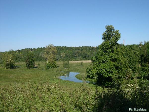 Les boucles de la Juine reprennent peu à peu une allure "noble", les dégâts des tempêtes ajoutés à ceux des ans ont été effacés autant que possible. Quelle belle vue malgré les gouttes de pluie (à gauche) ... une pluie qui donna six mois après un aspect plus que sympathique ! (à droite)
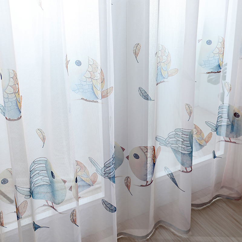 2019 new love bird semi-blackout fabric finished curtains living room bedroom Nordic wind floor-to-ceiling window floating curtains
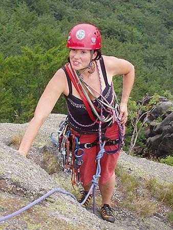 Po několika Kubových hýkavých pokusech jsme síly rázem spojili a s žaludkem v krku, očima navrch hlavy a Kubou pod zadkem jsem se po těch vertikálních mikrokrystalech nakonec vydrala, ale byl to boj. A pětka to taky nebyla. Nebýt Kubových očí na mých nohách a jeho ruky pod nimi... Družstva už jsme nerozpojili a Kuba se pokusil stěnku také dobýt. Po chvíli se v něm však probudili zkušenosti horala a chvátil lano. Káďa je horal již dávno zkušený a tak nezaváhala ani na okamžik a byla nahoře v cuku letu. Pojídač dal taky pokus a pak odevzdaně chvátil. Slaňák byl umístěn velmi rafinovaně, ale oproti předešlému, už slanění nestojí za řeč.

== Exercise brief ==
Restate the material above word for word; pictures do not belong in the copy.

== Exercise output ==
 Les boucles de la Juine reprennent peu à peu une allure "noble", les dégâts des tempêtes ajoutés à ceux des ans ont été effacés autant que possible. Quelle belle vue malgré les gouttes de pluie (à gauche) ... une pluie qui donna six mois après un aspect plus que sympathique ! (à droite)
 2019 new love bird semi-blackout fabric finished curtains living room bedroom Nordic wind floor-to-ceiling window floating curtains
 Po několika Kubových hýkavých pokusech jsme síly rázem spojili a s žaludkem v krku, očima navrch hlavy a Kubou pod zadkem jsem se po těch vertikálních mikrokrystalech nakonec vydrala, ale byl to boj. A pětka to taky nebyla. Nebýt Kubových očí na mých nohách a jeho ruky pod nimi... Družstva už jsme nerozpojili a Kuba se pokusil stěnku také dobýt. Po chvíli se v něm však probudili zkušenosti horala a chvátil lano. Káďa je horal již dávno zkušený a tak nezaváhala ani na okamžik a byla nahoře v cuku letu. Pojídač dal taky pokus a pak odevzdaně chvátil. Slaňák byl umístěn velmi rafinovaně, ale oproti předešlému, už slanění nestojí za řeč.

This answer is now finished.